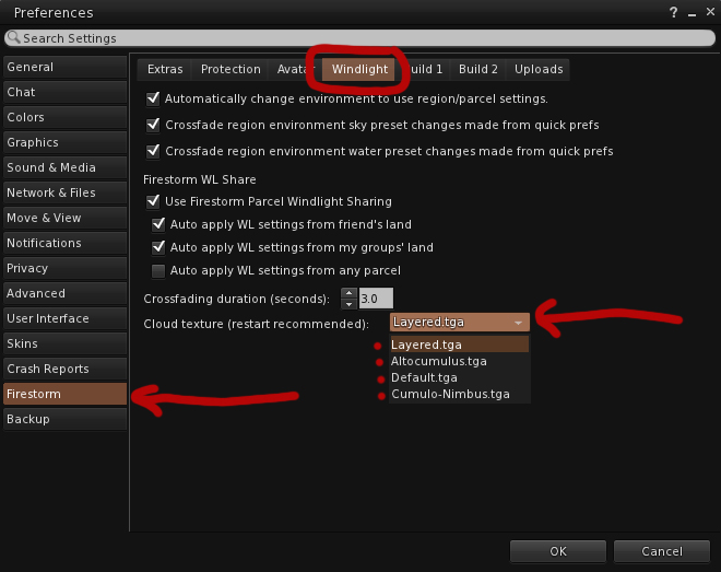 Did you know that you can change the style of your clouds inside the Firestorm viewer? Maybe you can inside the SL viewer too I don’t know. But I am talking about the Firestorm viewer today. What you do is go to Preferences and follow this image….
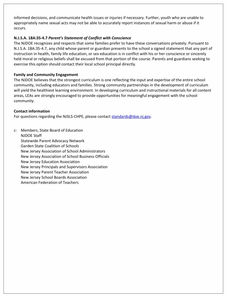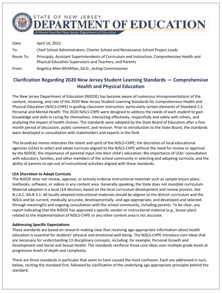 Over the past ten days, New Jersey citizens have become the target of a massive misinformation campaign focused on the sex education indicators in the Standards for Comprehensive Health and Physical Education. This campaign has been replete with falsehoods and other absurdities. Even though many of the falsehoods have been unequivocally debunked, some individuals and media outlets continue to repeat the factually inaccurate information.
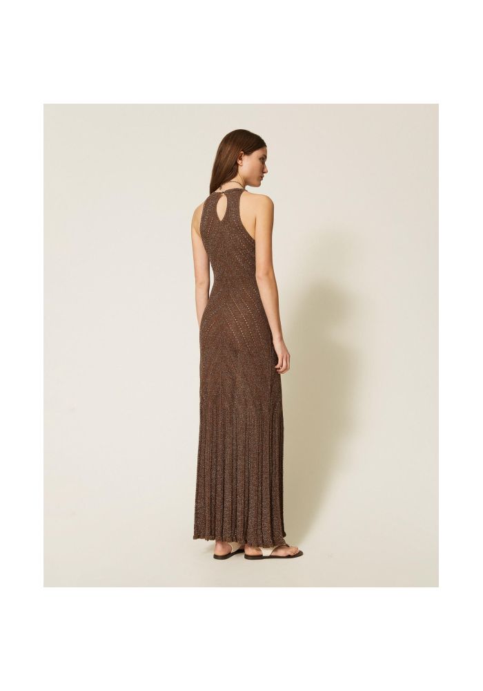 - TWINSET Μακρύ πλεκτό καφέ φόρεμα από λινό με lurex

• **Activity**
Return, exactly as they stand, all of the lines above, but not the pictures.

• **Answer below**
 Did you know that you can change the style of your clouds inside the Firestorm viewer? Maybe you can inside the SL viewer too I don’t know. But I am talking about the Firestorm viewer today. What you do is go to Preferences and follow this image….
 Over the past ten days, New Jersey citizens have become the target of a massive misinformation campaign focused on the sex education indicators in the Standards for Comprehensive Health and Physical Education. This campaign has been replete with falsehoods and other absurdities. Even though many of the falsehoods have been unequivocally debunked, some individuals and media outlets continue to repeat the factually inaccurate information.
 - TWINSET Μακρύ πλεκτό καφέ φόρεμα από λινό με lurex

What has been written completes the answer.